Аушев схватил его за рукав, и Юрка на миг ощутил влажную мягкость его ладони.

— Слушай, Михайло Василич!

Юрку передернуло. В устах Аушева даже от Ломоносова оставался главным образом его поход в лаптях.

— У меня другое имя.

— Знаю, знаю. А слышал? Есть предположение, что Ломоносов — сын Петра Первого. И рост, и стать, и Петр бывал у них, да и, придя в столицу, говорят, отец повел Михаилу прямо ко двору.

— Откуда взял?

— Не помню, читал где-то. А вообще-то я к тебе по делу.

— Давай тогда уважать друг друга. У меня есть имя. Юрий Буров.

— Вильям Аушев, — церемонно представился тот. — Воровская кличка — Блоха. — И оживился: — А что ты думаешь? Я, между прочим, и правда был вором. Сидел даже. В детской колонии.

Юрке хотелось сбить этот полусветский тон, что-то не устраивало его в бывшем воре. Или, может, похвальба по этому поводу. А еще верней — первое обращение. Он уже начинал догадываться, что многие здесь не умеют построить свою оценку явлений и людей и потому все, с чем сталкиваются, поселяют в готовые домики. «Михаила Ломоносов — гений из народа», «чеховский герой — нытик-интеллигент», «хемингуэевский диалог — подтекст больше текста»… Юрка разжигал свой протест, кипел внутри: читают, чтоб потом ничему не удивляться; чем больше прочитал, тем больше готово домиков — втискивай, вталкивай и них. Ну, а если не лезет? Похоже, да не то?

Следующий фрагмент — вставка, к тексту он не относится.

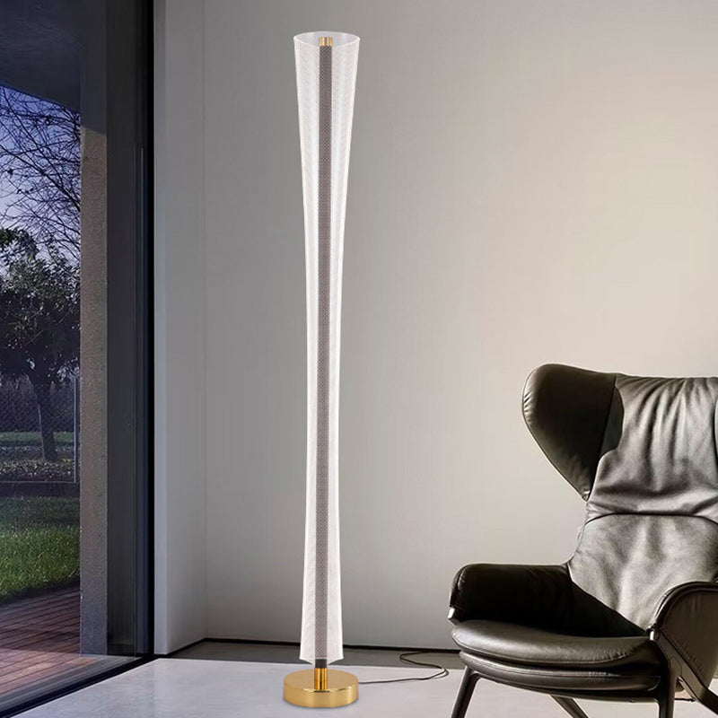 Modern Luxury Aluminum Iron And Acrylic Tower Column LED Standing Floor Lamp For Living Room And Bedroom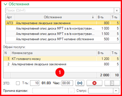 Перелік послуг, в якому відображаються результати пошуку. Послуги вибираються подвійним кліком по рядку таблиці.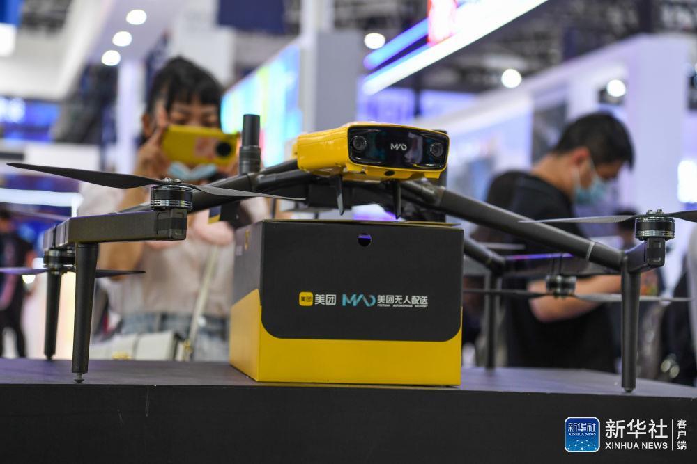 5月27日,參會者在“數博會”上拍攝一款美團配送無人機。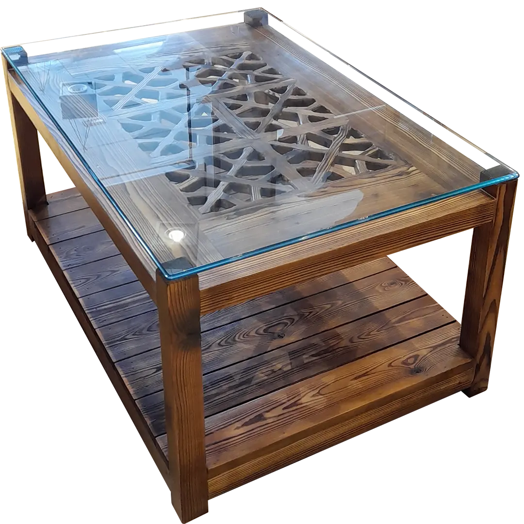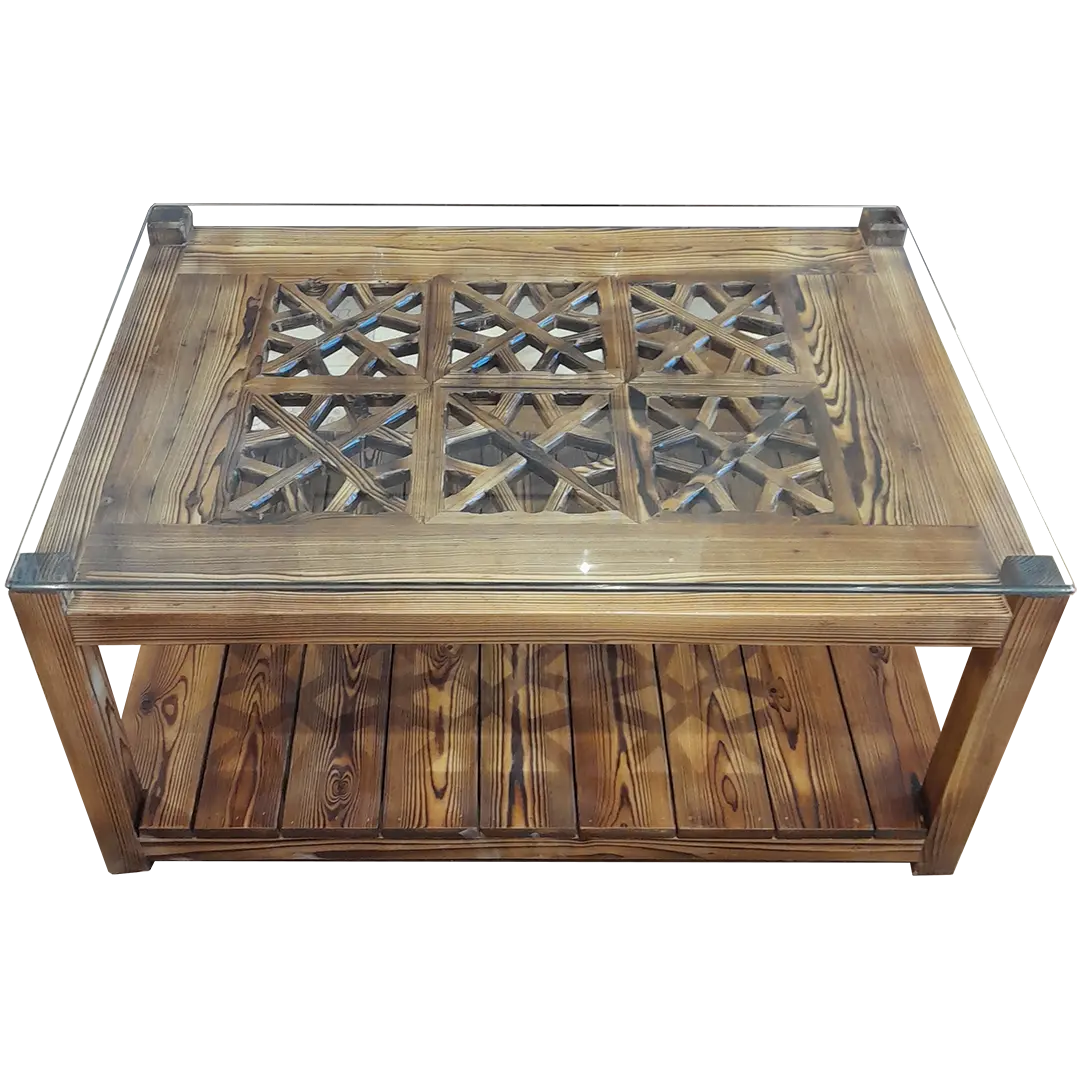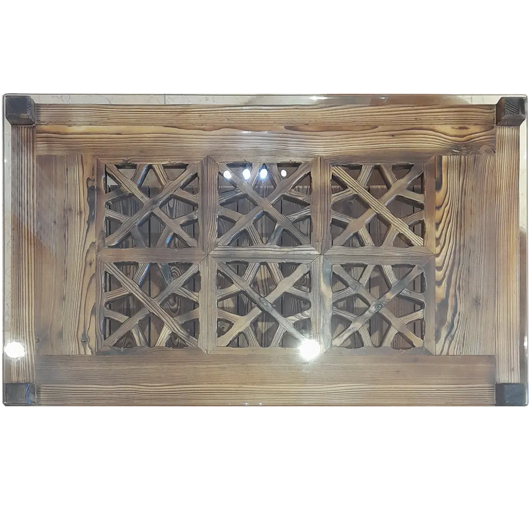 جلو مبلی و عسلی شیشه دار طرح گره چینی

В тот день разговор их на том и оборвался: кто-то окликнул Аушева, подошел, закрутилась другая тема, и Юрка поскорее распрощался.

Теперь, после обсуждения Юркиной работы (вполне, надо сказать, доброжелательного и заинтересованного), Виль подошел снова. Но на этот раз, как и в зале, на «вы».

— Хотите послушать Малера? А то я выкрикнул и не подумал, что у вас может его не быть.

— Спасибо. — Буров был рад. У него, разумеется, не было Малера.

— Тогда прошу вас ко мне. Я живу рядом.

— Хорошо. Только того… мы вроде бы говорили друг другу «ты».

— Разве? — притворно удивился Виль. — Ну, воля ваша. То есть твоя. Я — со всем уважением.

«Вот юла! — опять тайно раздражился Юрка. — Не можешь в простоте? Не хочешь? Тебе или повелевать надо, или лебезить, так, что ли?»

Они шли по улице, обсаженной молодыми липками, и у Юрки было ощущение неловкости, неловкости чисто внешней — от развинченной ли походки спутника, от своей ли угловатости рядом с обтекаемым изяществом Аушева. Говорил Виль:

— Главное — не повторять. Все должно быть ново, чисто, с иголочки. А как? Уже столько наснято, все вроде бы найдено-перенайдено.

— Так уж и все? — возразил Юрка. — Это вроде бы не задача: «ново». Что-то еще должно быть.

— Ты что ж, против эксперимента? «Не тужьтесь, мои дорогие, над формой, не напрягайтесь, как это было с одним известным режиссером, который…» — Он теперь ловко передразнивал недавнего лектора: — «Кино — это искусство, связанное с движением, кинетическое искусство, и потому всегда должно… всегда должно, должно…»

Юрка рассмеялся. Удивился: здорово вышло! Впервые за весь разговор что-то в душе помягчело.

— Нет, Виль, — досмеиваясь, сказал он, — я про другое. Ведь важно еще — о чем мы говорим, а не только как.

— А, форма и содержание?!

— Иди ты знаешь куда! Я говорю, что Достоевский, например, всерьёз изучал Фурье, а Феллини, говорят, интересовался метафизикой и оккультными науками…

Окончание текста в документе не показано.